It was the week between Xmas and the New Year, and I was enjoying my free time, hacking on my renderer (a life-time obsession). Up till then, my renderer only included rasterizers, with soft-shadows and pre-calculated ambient occlusion:

Rendered statue

I wanted more, however. I had more or less completed everything I ever wanted to do with my rasterizers, since (a) all the features I ever wanted to implement were done (b) the code used a common C++ template to create a "family" of rasterizers (since all rasterizers share the same trait: they interpolate "stuff" linearly across the scanlines, per-pixel).

Since CUDA promised to give me enough power to do it in real-time, I decided to try raytracing, something I had never done before.

Phase 1: Raycasting

Raytracing has nothing to do with rasterizing - it is a completely different algorithm. It sends a ray from the viewpoint, that "pierces" the screen at each pixel, and checks whether the ray intersects the scene's triangles:
for each screen pixel
        throw a ray from the viewpoint to the pixel
        find the closest triangle pierced by the ray
        at the intersection point, perform Phong lighting
Or, if we also want shadows:
for each screen pixel
        throw a ray from the viewpoint to the pixel
        find the closest triangle pierced by the ray
        at the intersection point, throw another ray towards the light
        if this shadow ray finds any triangle, the pixel is in shadow
        Otherwise, perform Phong lighting
Raytracers can in fact work with more than just triangles - spheres and cylinders and other "perfect" objects can be traced. I have, however, always coded my renderer to work with triangle meshes - for a number of reasons (huge availability of ready-made 3D models being a good one). I therefore Googled for ray/triangle intersections.

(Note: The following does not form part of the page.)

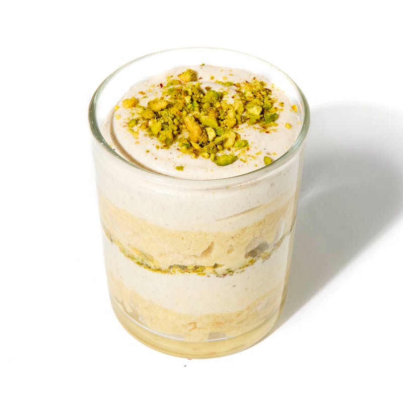 Cooking Spray, Sugar, Powdered, 10X, Condensed Milk, All Purpose Flour, Pistachios, Avocado Oil, Baking Soda, Evaporated Milk, Baking Powder, Cardamom, Egg, Sugar, Heavy Cream, Kosher Salt, Saffron, Greek Yogurt

I knew I would need acceleration structures - if I was to make this run at real-time speeds, I had to avoid checking each ray against all the scene's triangles.

A thesis drew my attention: two guys had implemented irregular Z-buffers in CUDA, using "bins" of triangle lists. It was simple enough: the screen was split in a grid of "bins", and after calculating the 2D bounding box of the projected (screen-space) triangle, we know which "bins" the triangle "spans" over...

Triangle bin spanning
The triangles are placed in "bin" lists.
...and we place the triangle in a simple std::list<Triangle*> (stored per each bin). When sending our rays, we only check for intersections with the triangles that belong in the ray's bin, not with all of them.

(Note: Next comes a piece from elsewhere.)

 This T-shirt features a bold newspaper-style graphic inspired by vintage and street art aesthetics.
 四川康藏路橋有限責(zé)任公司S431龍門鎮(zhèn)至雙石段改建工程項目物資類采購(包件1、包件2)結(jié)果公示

Well, CUDA didn't have STL lists of course, but I coped the old fashioned way, via heap (cudaMalloc-ed). And this worked - after about a day of coding, I had my first ever raycaster written:

C++ vs CUDA raycasting
A dragon... in C++ and in CUDA.
A 50K triangles "dragon" was raycasted at about 20 frames per second. Not bad for a days work!

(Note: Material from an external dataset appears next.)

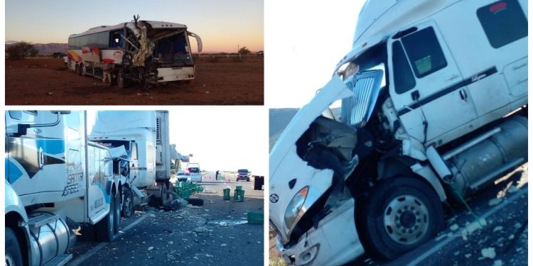 Un saldo preliminar de cinco personas lesionadas es el que dejó un impacto entre un camión de pasajeros y un tráiler sobre la carretera vía corta a Chihuahua.

Unfortunately, as the video shows, the speed nose-dived from 20 to about 1.5 frames per second, as soon as I added shadows. I was aghast. Why? I was using the same trick, that is, "bins" that store triangle lists, only this time I was calculating them in "light-screen" space. The same algorithm, but speed was devastated... because CUDA1.2 (i.e. my 70$ GT240) has no cache, and also suffers a lot from thread divergence.

So I posted this to Reddit, hoping for advice. In 2 days, it became the most popular CUDA post ever in Reddit/ programming :‑) To be honest, some people there wanted to skin me alive. "How dare you implement shadows without OpenGL, you bloody idiot!" (or something to that effect).

But I persevered :‑)

Googling and reading papers, I found out about the balancing of global memory latency with more threads, so I wrote a quick Python script to find the optimal balance between the number of bins I was using, and the number of threads per CUDA block. Rendering speed improved by a factor of 4!

Using textures was next: CUDA1.2 (i.e. my GT240) has no cache, but if the data were placed in textures, they would be cached. A bit. I tried it, and only got 3% speedup...

So I went back to the code, and tried to make my global memory accesses more coalesced: I changed the screen size of the bins to directly mirror the number of CUDA blocks - this meant that each block of threads was accessing exactly the same triangle list, so global memory accesses became a lot more "streamlined". Speed soared by 2.5x.

And at that point, I realized it - I was doing raycasting, with Phong lighting and shadows, rendering a colorful train object at 21 frames per second!

Oh, the joy! :‑)

CUDA interactive raycasting

Phase 2: Raytracing

Two weeks passed. And as you can probably guess, I wanted more. Again :)

It turned out, that the "bins" trick is not good enough. After all, a raytracer doesn't stop at the first intersection. It casts reflected, refracted and my favourite, ambient occlusion rays. Bins can't accomodate that. I needed a better data structure, a space partitioning scheme.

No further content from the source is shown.